We find that Gore's oft-criticized personality was not a cause of his under-performance. Rather, the major cause was his failure to receive a historically normal amount of credit for the performance of the Clinton administration ... [and] failure to get normal credit reflected Gore's peculiar campaign which in turn reflected fear of association with Clinton's behavior.

According to the America's Future Foundation:

In the wake of the Clinton scandals, independents warmed to Bush's promise to 'restore honor and dignity to the White House'. According to Voter News Service, the personal quality that mattered most to voters was 'honesty'. Voters who chose 'honesty' preferred Bush over Gore by over a margin of five to one. Forty four percent of Americans said the Clinton scandals were important to their vote. Of these, Bush reeled in three out of every four.

Political commentators have argued that Gore's refusal to have Clinton campaign with him was a bigger liability to Gore than Clinton's scandals. The 2000 U.S. Congressional election also saw the Democrats gain more seats in Congress. As a result of this gain, control of the Senate was split 50–50 between both parties, and Democrats would gain control over the Senate after Republican Senator Jim Jeffords defected from his party in early 2001 and agreed to caucus with the Democrats.

Al Gore reportedly confronted Clinton after the election, and "tried to explain that keeping Clinton under wraps [during the campaign] was a rational response to polls showing swing voters were still mad as hell over the Year of Monica". According to the AP, "during the one-on-one meeting at the White House, which lasted more than an hour, Gore used uncommonly blunt language to tell Clinton that his sex scandal and low personal approval ratings were a hurdle he could not surmount in his campaign ... [with] the core of the dispute was Clinton's lies to Gore and the nation about his affair with White House intern Monica Lewinsky." Clinton, however, was unconvinced by Gore's argument and insisted to Gore that he would have won the election if he had embraced the administration and its good economic record.

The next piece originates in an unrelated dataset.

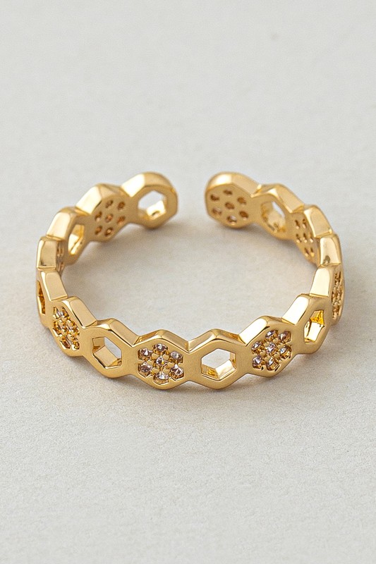 Brass Geo Link Ring With Cz Pave And Pink Stones Please register or log in to view prices. Add a pop of sparkle with this brass geo link ring featuring dazzling CZ pave and charming pink ston…

=== Preservation of items related to the trial===
As the first impeachment trial held since Johnson's in 1868, the proceedings were viewed to hold historic significance. With the help of the Senate sergeant at arms, Senate Curator Diane Skvarla kept track of many objects used during the trial and had them stored for historic posterity. These included pencils utilized for tallying votes; several admission tickets printed for the trial; as well furniture such as the podium and easels used by the House-appointed impeachment managers and the defense counsel, the chair in which Chief Justice Rehnquist sat, and the tables utilized by the impeachment managers and defense counsel. After the trial, Senate leadership gave the impeachment managers and Clinton's counsel the chairs that each had sat in during the trial as a souvenir of their involvement.